We will also be active in other domains, for example in controlling data with the aid of neural networks or when checking legal texts. There are many possible applications for artificial intelligence, which we’ll monitor with a team at HELLA Aglaia.


What advantages does your Berlin location have over others in the field of artificial intelligence?

There are various aspects to this, one of which is recruiting: it’s much easier for us in Berlin to get good people in the AI field than in other places. On the one hand, we’ve got lots of universities where people come from, and on the other the city is also attractive and exciting for newcomers from abroad. And third, we have the big start-up environment here in Berlin. Especially in the field of AI, there is an incredible amount happening here, which benefits us enormously.

A year and a half ago, we e.g. founded Drivery, the first subsidiary of HELLA Aglaia. There we’ve created an ecosystem around mobility for start-ups, but also for medium-sized companies, suppliers, investors and politicians. This is a place where people can create innovations together on an equal footing. We’ve benefited from the start-up environment in Berlin here too: around 70 percent of the start-ups in Drivery work on AI topics.

Just how prominent this topic is can be seen, among other things, from the fact that the 12,000 square meter area in the Drivery has developed very well in terms of capacity utilization despite Corona.

Especially in the crisis, many companies have become interested in cooperating, also owing to the complexity of the issues. In my opinion, cooperation should also become much more important in German industry in general. Personal exchange and a pooling of energies is still happening far too little. But Corona has been very supportive of people’s openness.


How do you think AI will develop in the coming years? Are we already much further than we thought, or are there still lots of innovations ahead of us?

Indeed, a lot has already happened in the last few years. Step by step, the topic of AI permeates almost all areas of our lives. However, one should not overestimate the current state of technology.

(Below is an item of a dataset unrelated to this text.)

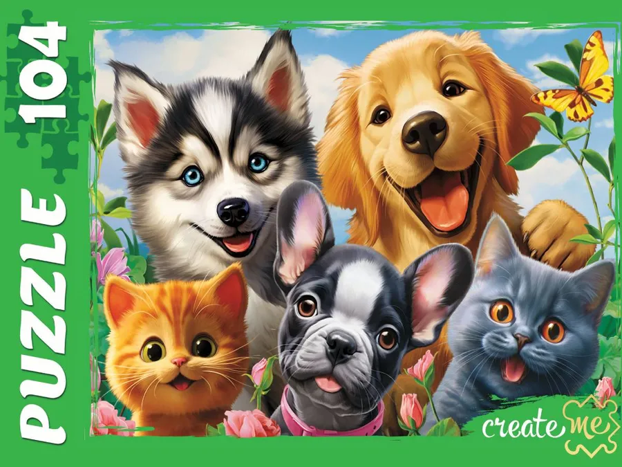 Ф104-6476 ПАЗЛЫ 104 элемента. СЕЛФИ ЧЕТВЕРОНОГИХ ДРУЗЕЙ (арт. Ф104-6476) — это детский пазл для сюжетно-ролевых игр.
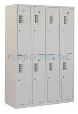0 Garderobekast PDC-180, 4-koloms, 8-deurs, 120 cm breed, lichtgrijs

However, we are still a long way from having a similarity to human intelligence. There are certainly areas where AI works well and supports us humans or makes our lives more comfortable and safer. Nonetheless, we’ll probably have to keep working over the next few decades to ensure that it really does become what we imagine artificial intelligence can be. I believe there is a great deal of potential, but we also must invest massively. There are more and more issues that can be solved with AI. Therefore, the technology has a lot of potential. Nevertheless, we must approach the issue responsibly. Germany must also invest even more in research and development in order to remain internationally competitive and to be able to take a steering role. We should play an even more active role in shaping the future, shed our fears and use technology profitably.